= PROMPT =
Reproduce word for word every line from the one containing "Tシャツ 半袖 レディース" to the final line of the data below; omit the pictures.

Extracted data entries
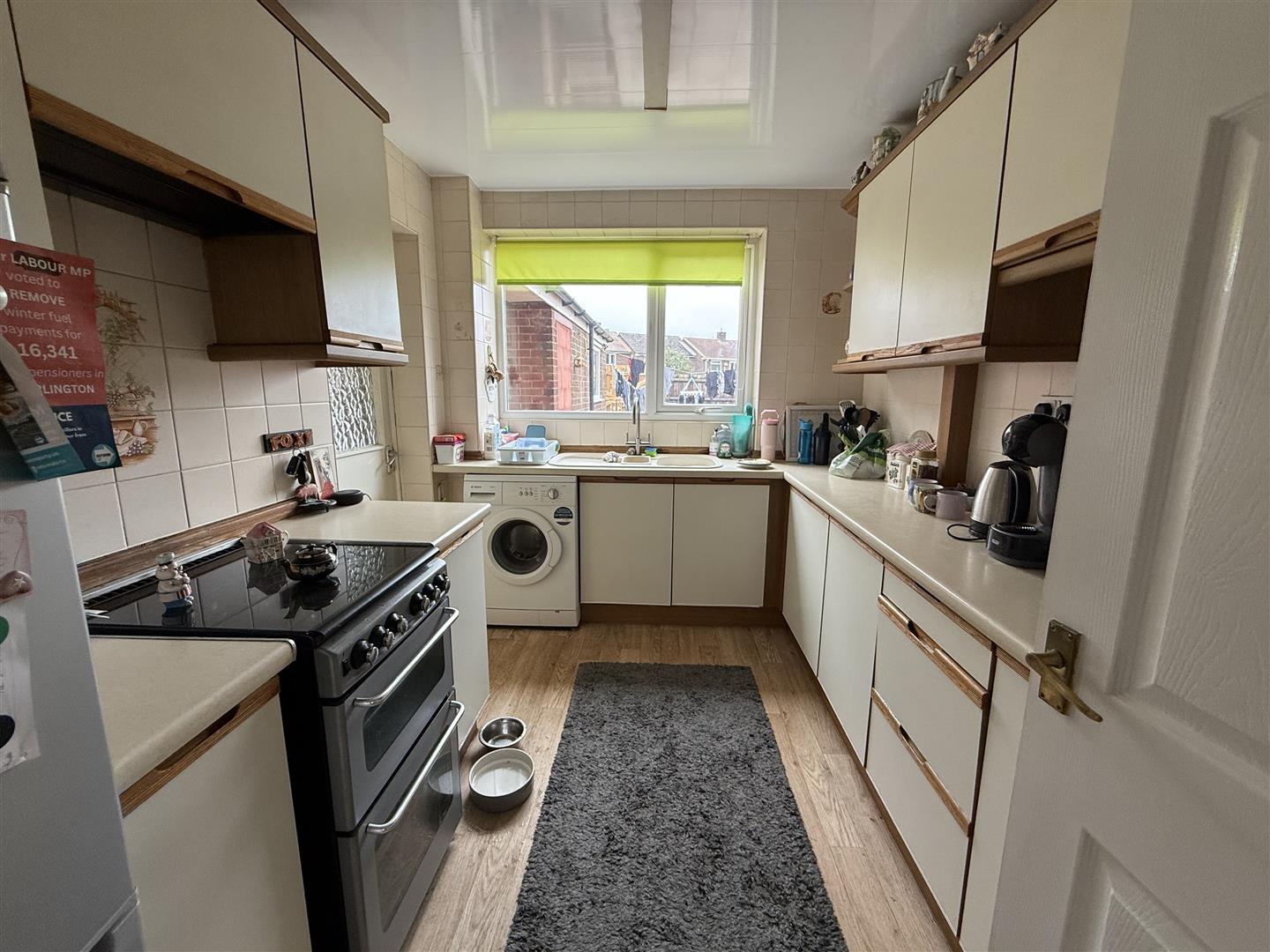 With a range of cabinets, gas cooker, plumbing for an automatic washing machine. A door at the side opens into a passage that leads through to the rear garden and garage.
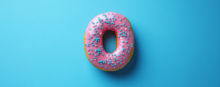 A pink doughnut with sprinkles on it that is shaped like the letter O. The doughnut is colorful and has a fun, playful vibe
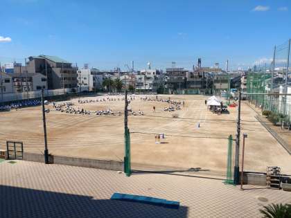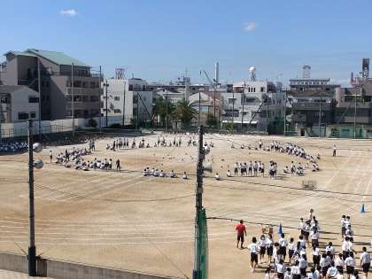 美味しそうな競技の名前は5重に描かれた的がお菓子のバームクーヘンに似ているためです。ルールは内側から5点3点0点2点1点と点数に分かれた5重の円に各クラスが投げたボールの止まった数の合計点数で競います。
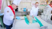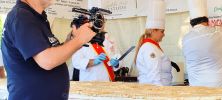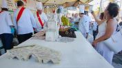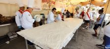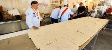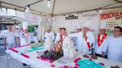 Una gigantesca torta di ricotta siciliana, dal peso di 500 chili, ha conquistato oggi il Foro Italico di Palermo, omaggiando la patrona della città, Santa Rosalia. L’opera dolciaria, voluta dal maestro pasticcere Vincenzo Rosciglione – discepolo Escoffier e ambasciatore della pasticceria palermitana – è stata realizzata in collaborazione con i Discepoli Escoffier Sicilia in occasione dei preparativi per il Festino di Santa Rosalia.
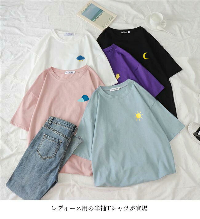 Tシャツ 半袖 レディース 夏Tシャツ ゆったり 半袖Tシャツ プリント仕様 カットソー サマーTシャツ 夏 カジュアル 可愛い トップス
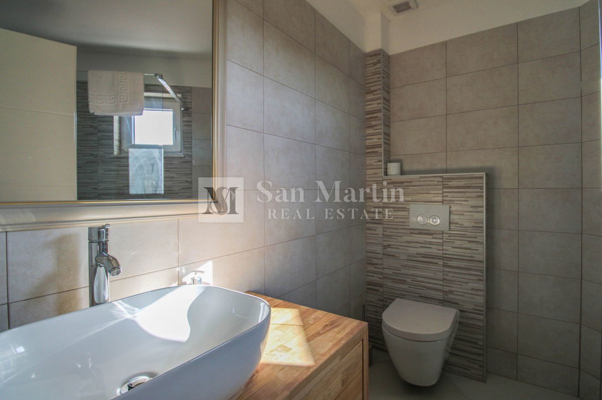 Poreč, Okolica - Čudovita Mediteranska Vila na Mirni Lokaciji V manjšem naselju, le 4 km od mestnega vrveža Poreča, se nahaja ta čudovita hiša z bazenom. Obdana je le z nekaj počitniškimi hišami in družinskimi hišami, zato je na odlični lokaciji za bivanje in preživljanje časa. Hiša, kot del dvojčka, se razteza na dveh etažah, s skupno bivalno površino 188 m² in 384 m² velikim vrtom z lastnim dovozom za dodatno zasebnost. V pritličju je vhodna veža, prostoren in svetel dnevni prostor s kuhinjo in jedilnico, z več izhodi proti bazenu in pokriti terasi. Tukaj je tudi spalnica z garderobo, lastno kopalnico in zunanjo teraso. V nadstropju so tri spalnice z lastnimi kopalnicami, ena izmed njih pa ima balkon s pogledom na morje. Celotna hiša je opremljena s kakovostnimi klimatskimi napravami, ki zagotavljajo idealno temperaturo skozi vse leto. Vrt je vzdrževan ter urejen z mediteranskim rastlinjem. Na pokriti terasi v pritličju se nahaja zunanja kuhinja z velikim žarom in jedilno mizo za druženja. V središču je ogrevan bazen, ki omogoča uživanje skozi celo leto, s pripadajočo zunanjo kotlovnico, kjer je nameščena potrebna mehanizacija. Tu je tudi wellness območje s savno in jacuzzijem. Hiša se prodaja opremljena, kar jo naredi idealno naložbo v dom, saj potrebujete le osebne stvari, da začnete uživati v njej. Nepremičnina je primerna tudi kot turistični objekt, saj ima v poletnih mesecih visoko zasedenost in omogoča dodaten prihodek.

= SOLUTION TO THE EXERCISE =
 Tシャツ 半袖 レディース 夏Tシャツ ゆったり 半袖Tシャツ プリント仕様 カットソー サマーTシャツ 夏 カジュアル 可愛い トップス
 Poreč, Okolica - Čudovita Mediteranska Vila na Mirni Lokaciji V manjšem naselju, le 4 km od mestnega vrveža Poreča, se nahaja ta čudovita hiša z bazenom. Obdana je le z nekaj počitniškimi hišami in družinskimi hišami, zato je na odlični lokaciji za bivanje in preživljanje časa. Hiša, kot del dvojčka, se razteza na dveh etažah, s skupno bivalno površino 188 m² in 384 m² velikim vrtom z lastnim dovozom za dodatno zasebnost. V pritličju je vhodna veža, prostoren in svetel dnevni prostor s kuhinjo in jedilnico, z več izhodi proti bazenu in pokriti terasi. Tukaj je tudi spalnica z garderobo, lastno kopalnico in zunanjo teraso. V nadstropju so tri spalnice z lastnimi kopalnicami, ena izmed njih pa ima balkon s pogledom na morje. Celotna hiša je opremljena s kakovostnimi klimatskimi napravami, ki zagotavljajo idealno temperaturo skozi vse leto. Vrt je vzdrževan ter urejen z mediteranskim rastlinjem. Na pokriti terasi v pritličju se nahaja zunanja kuhinja z velikim žarom in jedilno mizo za druženja. V središču je ogrevan bazen, ki omogoča uživanje skozi celo leto, s pripadajočo zunanjo kotlovnico, kjer je nameščena potrebna mehanizacija. Tu je tudi wellness območje s savno in jacuzzijem. Hiša se prodaja opremljena, kar jo naredi idealno naložbo v dom, saj potrebujete le osebne stvari, da začnete uživati v njej. Nepremičnina je primerna tudi kot turistični objekt, saj ima v poletnih mesecih visoko zasedenost in omogoča dodaten prihodek.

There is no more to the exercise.